Роман закатил глаза. Он и представить не мог, что можно жить так трудно, как живет Марина. Конечно, ей и в детстве приходилось несладко, Тоха рассказывал. Но уж теперь… И это при том, что ее голос действительно льется из каждого киоска, из каждого автомобиля, из каждой квартиры. Даже у него самого была одна кассета Хлои. Поет чисто, без акцента. В голову бы никогда не пришло, что живет она не за океаном, в дворцовой роскоши, окруженная продюсерами, а прямо здесь, да еще и в избушке на курьих ножках. А продюсерские функции полулегально выполняет какой-то там Мишель, пряча доходы от налоговой.

– Марина, а что этот Мишель тебя от народа прячет?

Она вскинулась:

– Не он прячет! Я сама от людей прячусь.

– А что так?

– Рома, ты сам подумай: ну какая из меня Хлоя? Когда только голос слышат – еще ничего. А если увидят… Мне кажется, у меня на лице вся моя биография написана. Крупными буквами. Ни ступить, ни молвить не умею.

– А разве по ресторанам ты выступаешь не как Хлоя?

Она покачала головой и рассмеялась:

– Нет, там я просто – член музыкального коллектива.

– Неужто тебя по голосу не узнают, по манере исполнения? – не поверил Роман.

– А я баллады в ресторанах почти не пою. Только обычную нашу попсу. И русские народные. У меня это хорошо получается, мне с детства нравится.

– А люди как реагируют? Неужто не слышат, что ты – драгоценность?

Она весело махнула рукой:

– Таких «драгоценностей» у нас по кабакам – сколько хочешь. Бывают такие голоса, что заслушаешься! Их исполнение – лучше оригинала. Только некому ими заниматься, продюсеров нет.

– А Мишель твой что же? Не пускает тебя в большое плавание?

– Он бы пустил, да я боюсь. Не хочу светиться. Он все время мечтает найти настоящих продюсеров, но пока не нашел к ним ходов. А я сижу и тихонечко молюсь: хоть бы никогда не нашел.

Роман нахмурился:

– Марина, ты с ума сошла? С таким потенциалом… Да ты бы в золоте купалась!

– Зачем мне это? – испугалась она. – Мне и здесь хорошо. А ну как начнут у меня биографию выспрашивать, что я им расскажу? Про мать-алкоголичку? Что всю жизнь полы мыла? И почти что бездомной осталась, в глуши живу… Ты сам-то подумай, что говоришь!

Роман подумал. Она права. Но это не повод отказываться от карьеры.

– Марин, так ведь биографию придумать можно! Имя же тебе придумали! Песни поешь по-английски. Все верят, что Хлоя – иностранка. Даже я купился. Добавить еще пару штрихов – и готов сценический образ!

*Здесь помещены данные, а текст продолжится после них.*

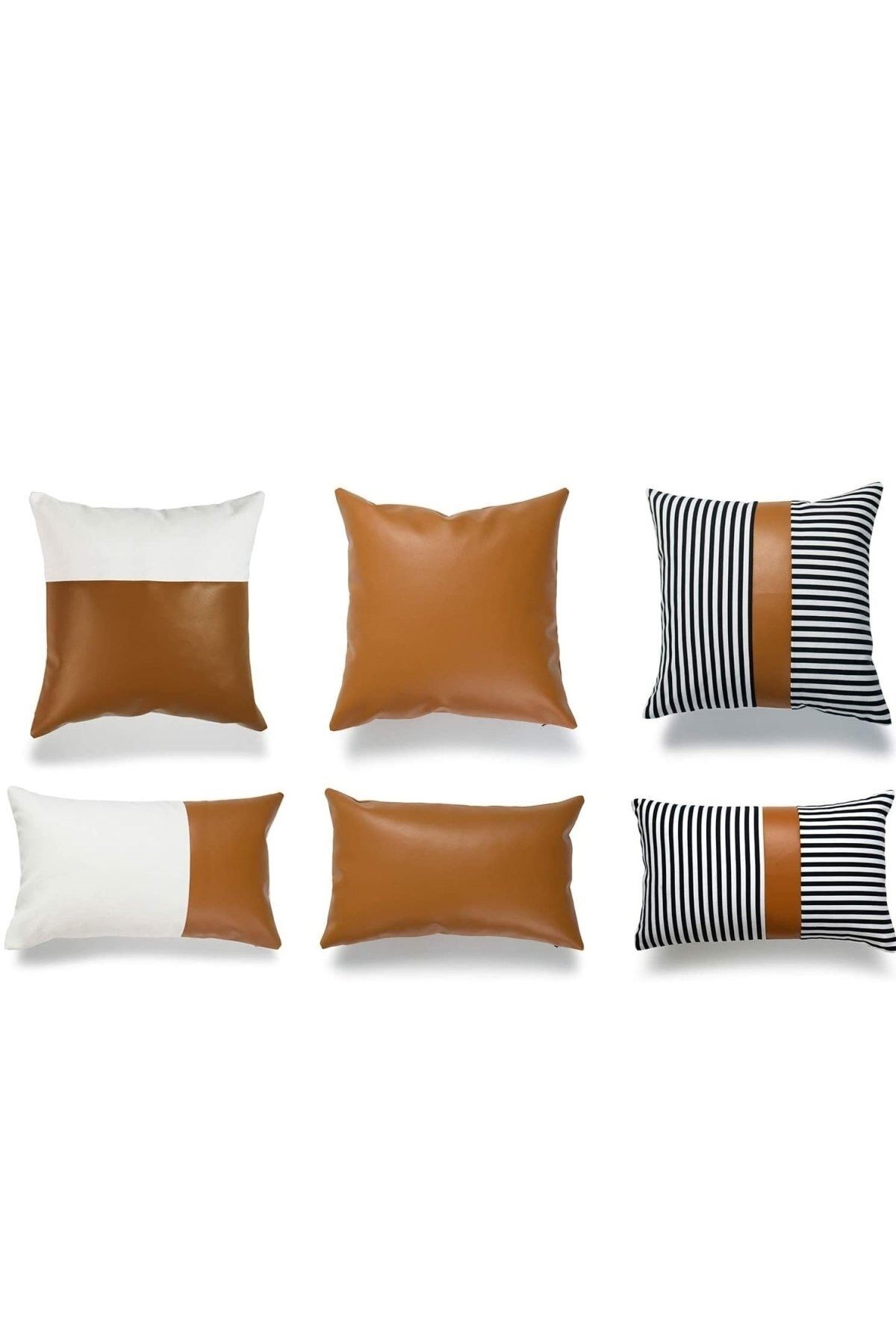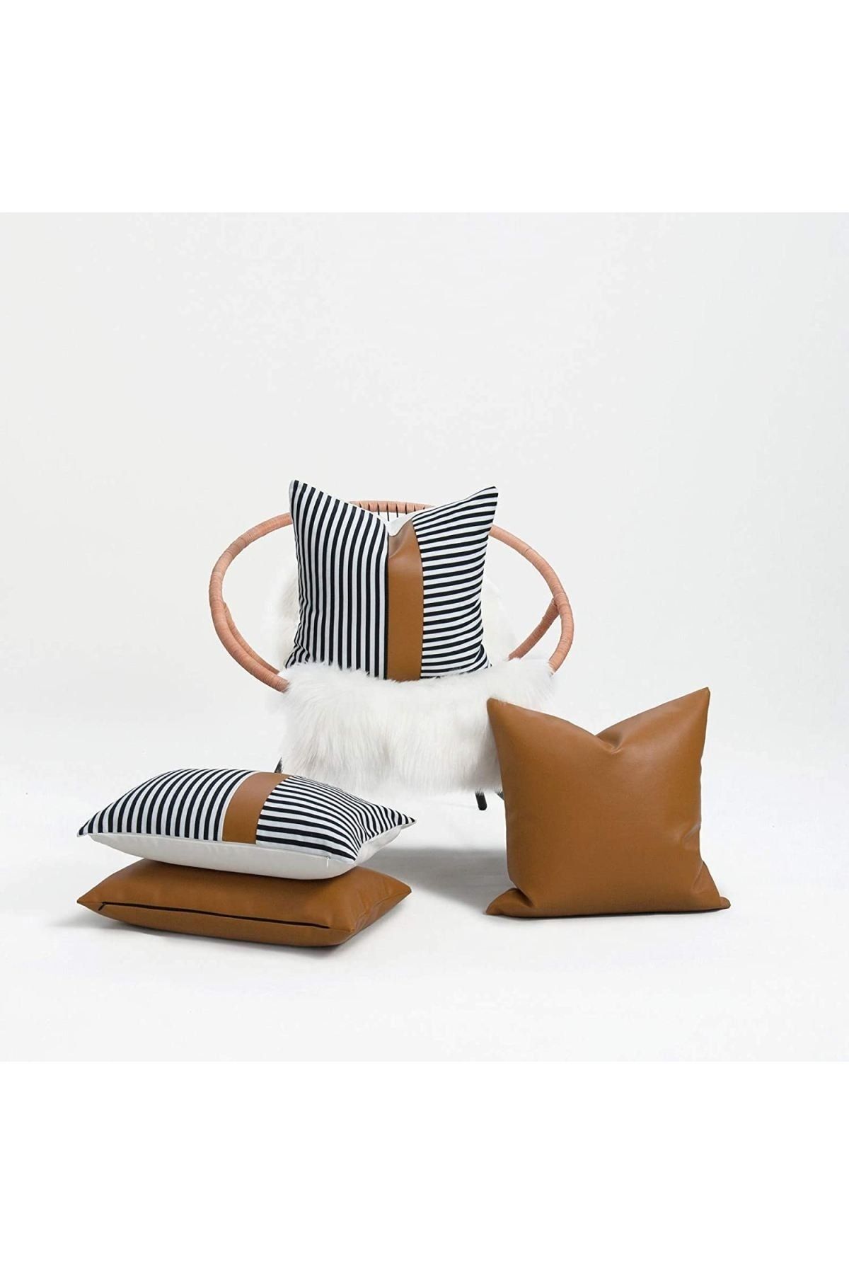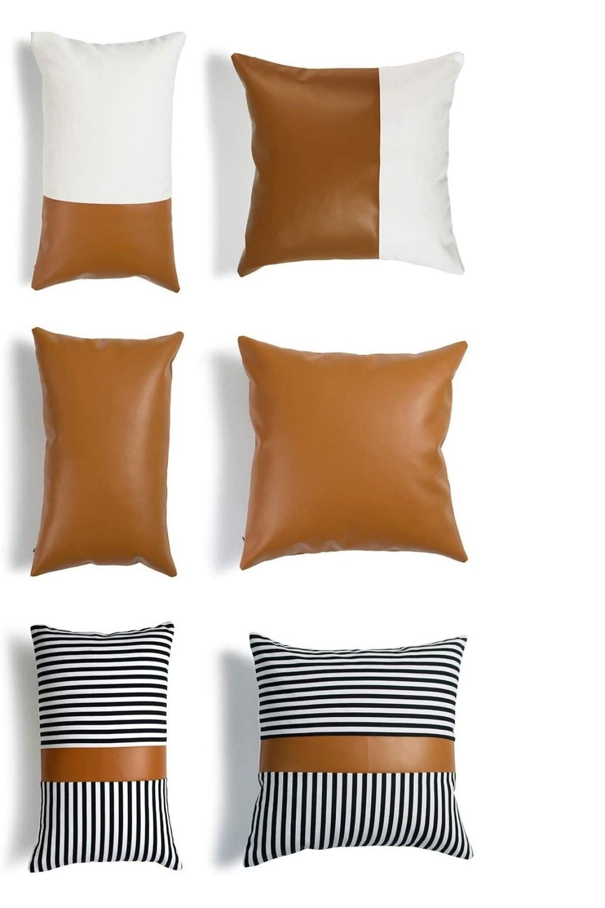 Özel Tasarım Çizgili Taba Deri 43×43 6’lı Premium Kırlent Kılıfı

– Ага, готов… Можно, конечно, придумать, что я вообще королевских кровей. И что дальше? Стоит мне хоть раз мелькнуть на экране – и всё, и рухнула легенда. Это пока я в школе училась, меня там или не замечали, или открыто пренебрегали. А покажись я на эстраде, все мои одноклассники наперебой побегут в газеты интервью давать, что Хлоя – никакая не Хлоя, а Маринка, дочка школьной уборщицы-пьяницы. И зачем тогда огород городить?

Да, в этом был резон. Сермяжная правда.

– Так ведь тебя загримировать можно, прическу поменять, костюмы сценические блестящие, чтобы тебя за ними и не разглядеть…

– Разглядят. Точно.

– Но ведь по голосу не опознали!

– Так то – голос. Как бы они опознали, если я никогда в школе не пела? Тем более так, как сейчас. Я же только дома, с бабушкой. А в школе стеснялась. Думала – засмеют. Но Мишель мечтает мой голос продать за границу. Ну это бы – ладно, там меня никто не знает, там можно наврать с три короба. А у нас – нет. Не получится.